Print only the lines from the one with "V. vinifera, we" through the end of the data, exactly, and please omit pictures.

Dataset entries
BEGIN
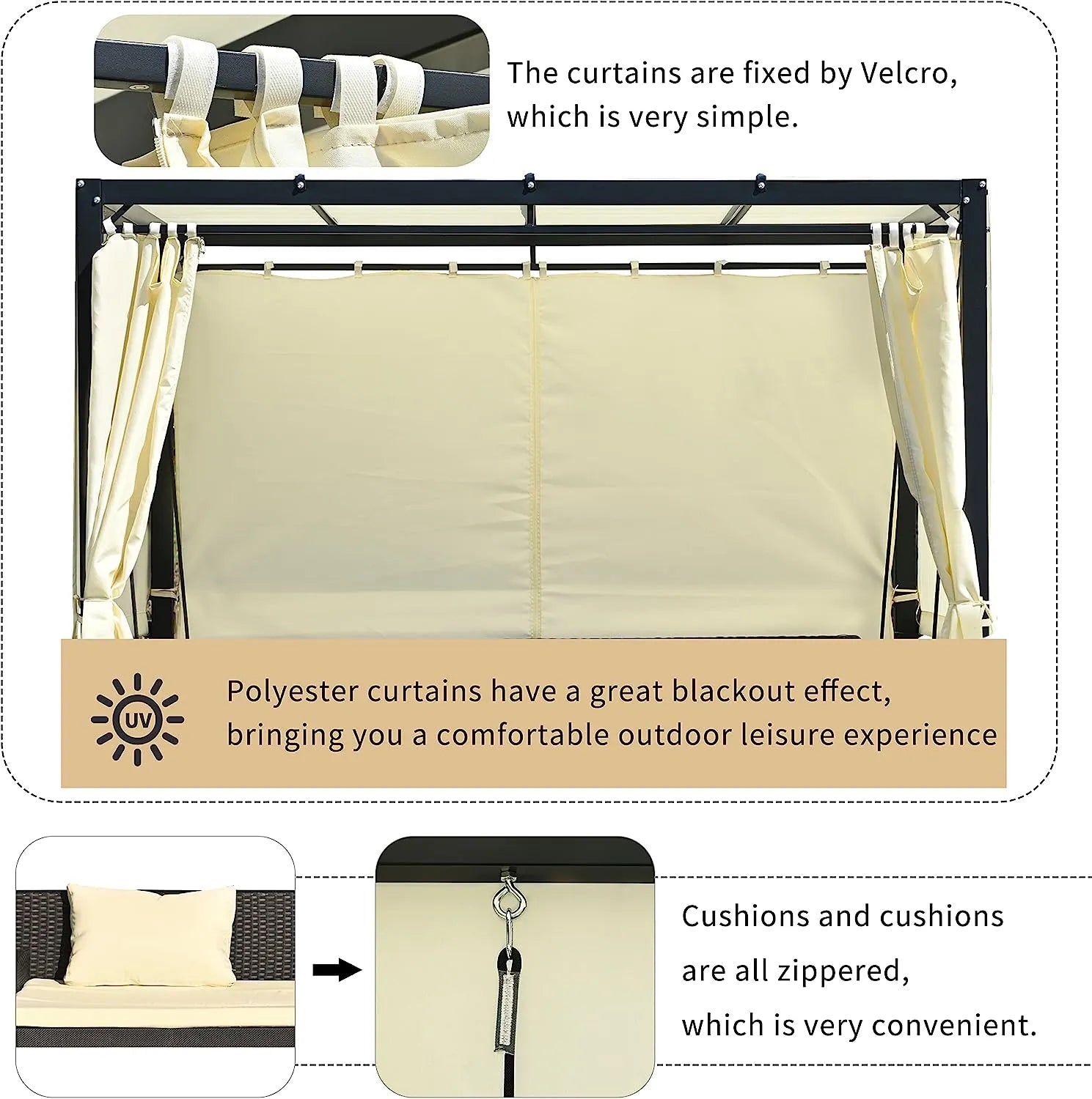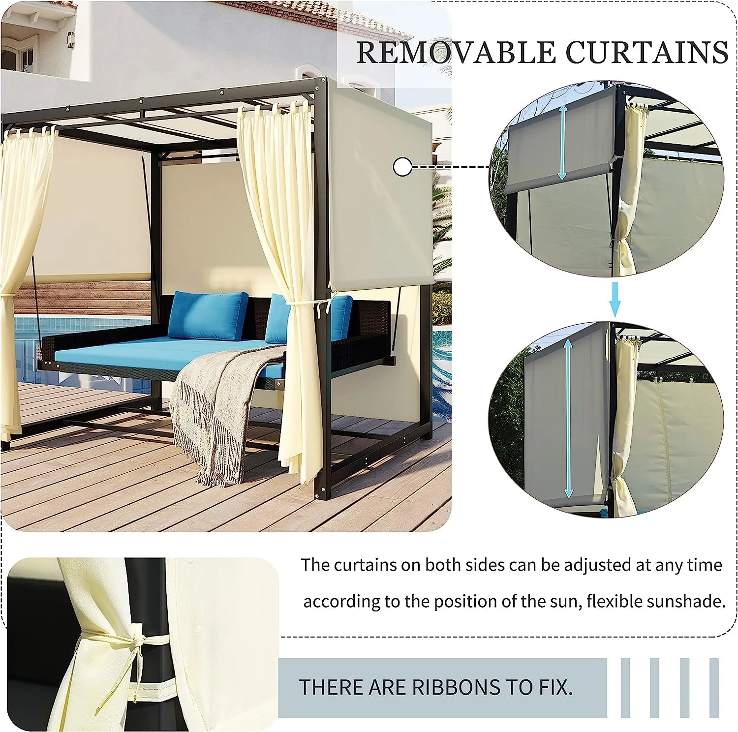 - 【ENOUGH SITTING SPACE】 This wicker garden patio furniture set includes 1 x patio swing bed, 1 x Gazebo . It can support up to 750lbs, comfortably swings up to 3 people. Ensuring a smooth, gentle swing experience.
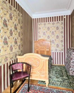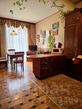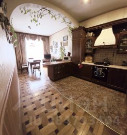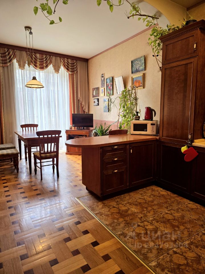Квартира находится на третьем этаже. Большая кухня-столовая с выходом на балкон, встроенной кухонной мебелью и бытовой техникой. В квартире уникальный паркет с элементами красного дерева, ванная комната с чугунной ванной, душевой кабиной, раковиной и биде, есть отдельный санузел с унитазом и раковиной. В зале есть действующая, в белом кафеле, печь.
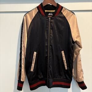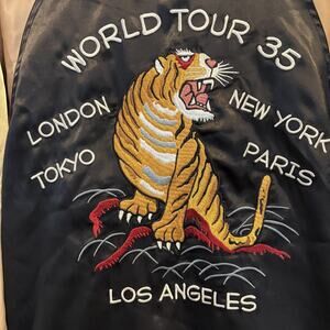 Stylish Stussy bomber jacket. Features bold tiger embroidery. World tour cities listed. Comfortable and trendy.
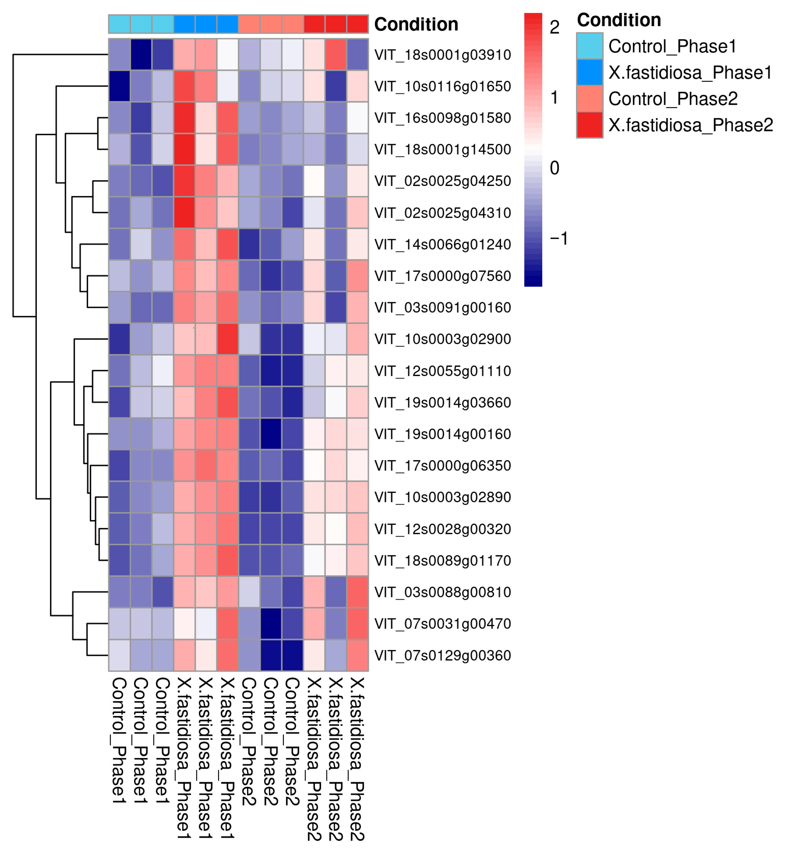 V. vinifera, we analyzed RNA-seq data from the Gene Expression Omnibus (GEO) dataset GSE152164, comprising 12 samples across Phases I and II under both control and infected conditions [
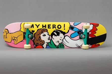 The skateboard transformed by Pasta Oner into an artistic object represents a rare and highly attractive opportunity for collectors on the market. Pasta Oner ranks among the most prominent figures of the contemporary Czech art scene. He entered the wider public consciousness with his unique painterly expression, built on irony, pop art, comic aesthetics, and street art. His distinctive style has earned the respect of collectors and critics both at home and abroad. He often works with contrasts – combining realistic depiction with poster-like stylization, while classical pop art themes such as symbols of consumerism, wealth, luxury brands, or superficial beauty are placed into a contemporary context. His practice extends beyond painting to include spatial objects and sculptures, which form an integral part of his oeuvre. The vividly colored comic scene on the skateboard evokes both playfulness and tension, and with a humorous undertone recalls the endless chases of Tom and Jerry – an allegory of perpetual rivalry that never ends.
END
| Finished exercise |
 V. vinifera, we analyzed RNA-seq data from the Gene Expression Omnibus (GEO) dataset GSE152164, comprising 12 samples across Phases I and II under both control and infected conditions [
 The skateboard transformed by Pasta Oner into an artistic object represents a rare and highly attractive opportunity for collectors on the market. Pasta Oner ranks among the most prominent figures of the contemporary Czech art scene. He entered the wider public consciousness with his unique painterly expression, built on irony, pop art, comic aesthetics, and street art. His distinctive style has earned the respect of collectors and critics both at home and abroad. He often works with contrasts – combining realistic depiction with poster-like stylization, while classical pop art themes such as symbols of consumerism, wealth, luxury brands, or superficial beauty are placed into a contemporary context. His practice extends beyond painting to include spatial objects and sculptures, which form an integral part of his oeuvre. The vividly colored comic scene on the skateboard evokes both playfulness and tension, and with a humorous undertone recalls the endless chases of Tom and Jerry – an allegory of perpetual rivalry that never ends.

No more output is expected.